Objectivists to get their night at the theater after all?

by | September 5, 2007 | Comments

It’s been twiddling its thumbs in development limbo for nearly five years, but according to Variety, the film adaptation of Ayn Rand‘s Atlas Shrugged is on again.

According to the report, Lionsgate has hired House of Sand and Fog director Vadim Perelman to helm Shrugged, as well as rewrite Randall Wallace‘s script. Angelina Jolie is still attached to star as main character Dagny Taggart.

Interestingly, Wallace will apparently remain involved in the project; the report describes a recent meeting between Perelman and the screenwriter, during which the two conversed in Russian. (Rand and Perelman were born in Russia; Wallace learned the language while doing research for another project.)

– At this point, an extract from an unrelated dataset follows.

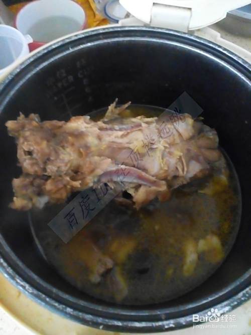 鸡骨架放电饭煲里,放1个草果和2个大料,放漠过鸡架子的凉水,煲40分钟。

Atlas Shrugged, originally published in 1957, revolves around what happens when the great thinkers of the world — inventors, artists, businessmen, scientists, et cetera — decide they’re tired of being bled dry by the world’s “looters and moochers” and go on strike. The book is over a thousand pages long, so there’s a lot more to it — in fact, it helped spawn Rand’s philosophy of Objectivism, which we’re totally not getting into here — but basically, the looters are governments, and the moochers are people who require some sort of aid from others.

As you might imagine, critical response to the book has long been mixed. Rand’s point of view has been embraced by neoconservatives and certain creative types, while being roundly rebuffed by others who dismiss what they see as a grossly over-simplistic ideology (and wooden prose). In other words, if this thing ever gets made, we can all expect some entertaining debate.